→ **YOUR ASSIGNMENT**: Retype the data below exactly; skip every image.

→ **INPUT MATERIAL**:
══════════════════════════════

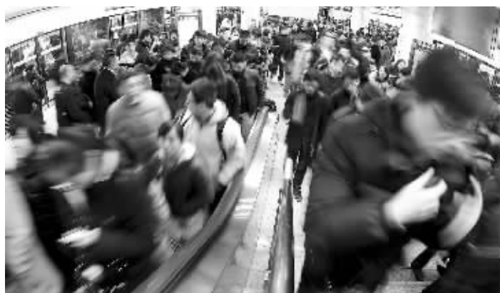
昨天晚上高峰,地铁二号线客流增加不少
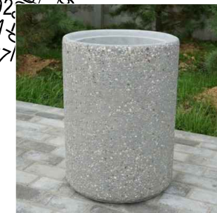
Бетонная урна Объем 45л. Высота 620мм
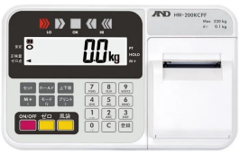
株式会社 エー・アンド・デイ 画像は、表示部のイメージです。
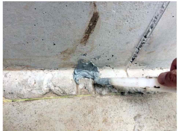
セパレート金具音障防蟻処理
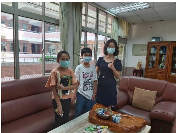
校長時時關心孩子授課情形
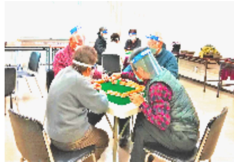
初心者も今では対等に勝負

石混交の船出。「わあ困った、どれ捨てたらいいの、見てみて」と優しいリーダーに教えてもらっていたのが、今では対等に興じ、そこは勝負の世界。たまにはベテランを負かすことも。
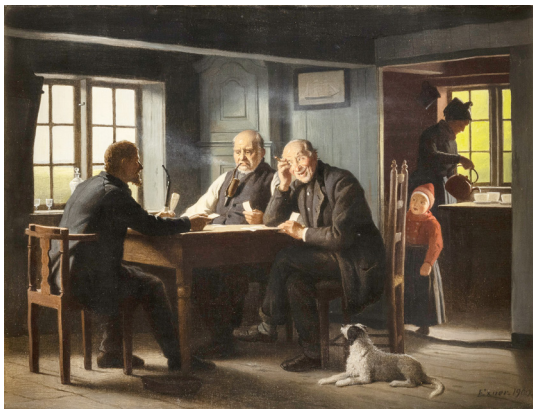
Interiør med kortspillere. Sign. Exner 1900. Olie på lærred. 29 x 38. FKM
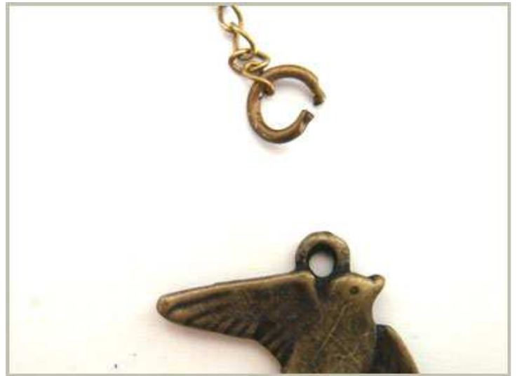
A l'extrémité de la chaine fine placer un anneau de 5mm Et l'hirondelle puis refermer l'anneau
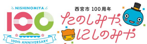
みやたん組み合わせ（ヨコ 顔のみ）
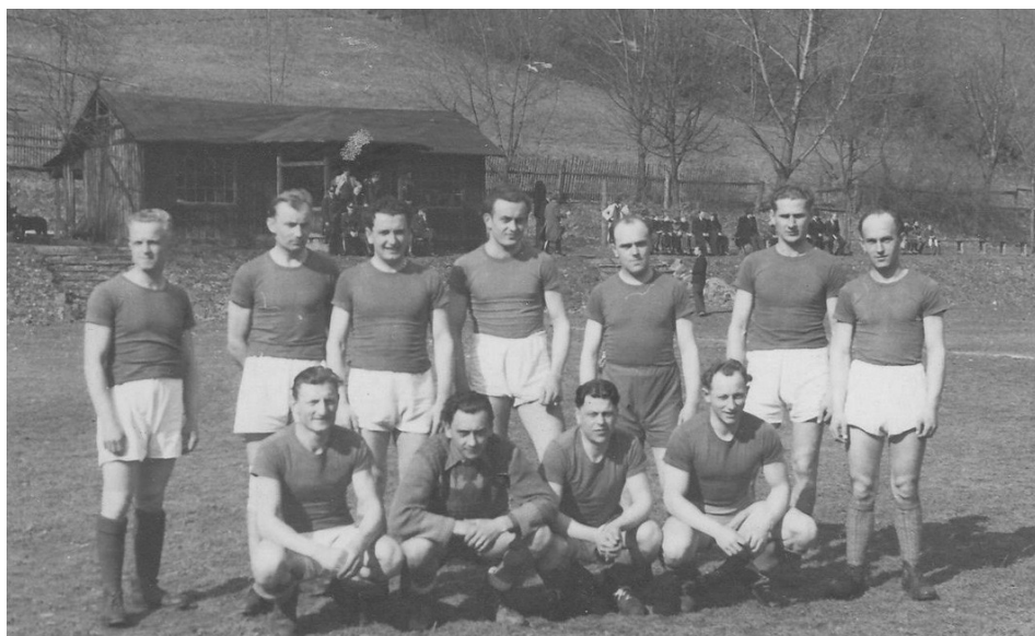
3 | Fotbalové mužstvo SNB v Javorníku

══════════════════════════════

→ **WORKED SOLUTION**:
昨天晚上高峰,地铁二号线客流增加不少
Бетонная урна Объем 45л. Высота 620мм
株式会社 エー・アンド・デイ 画像は、表示部のイメージです。
セパレート金具音障防蟻処理
校長時時關心孩子授課情形
初心者も今では対等に勝負

石混交の船出。「わあ困った、どれ捨てたらいいの、見てみて」と優しいリーダーに教えてもらっていたのが、今では対等に興じ、そこは勝負の世界。たまにはベテランを負かすことも。
Interiør med kortspillere. Sign. Exner 1900. Olie på lærred. 29 x 38. FKM
A l'extrémité de la chaine fine placer un anneau de 5mm Et l'hirondelle puis refermer l'anneau
みやたん組み合わせ（ヨコ 顔のみ）
3 | Fotbalové mužstvo SNB v Javorníku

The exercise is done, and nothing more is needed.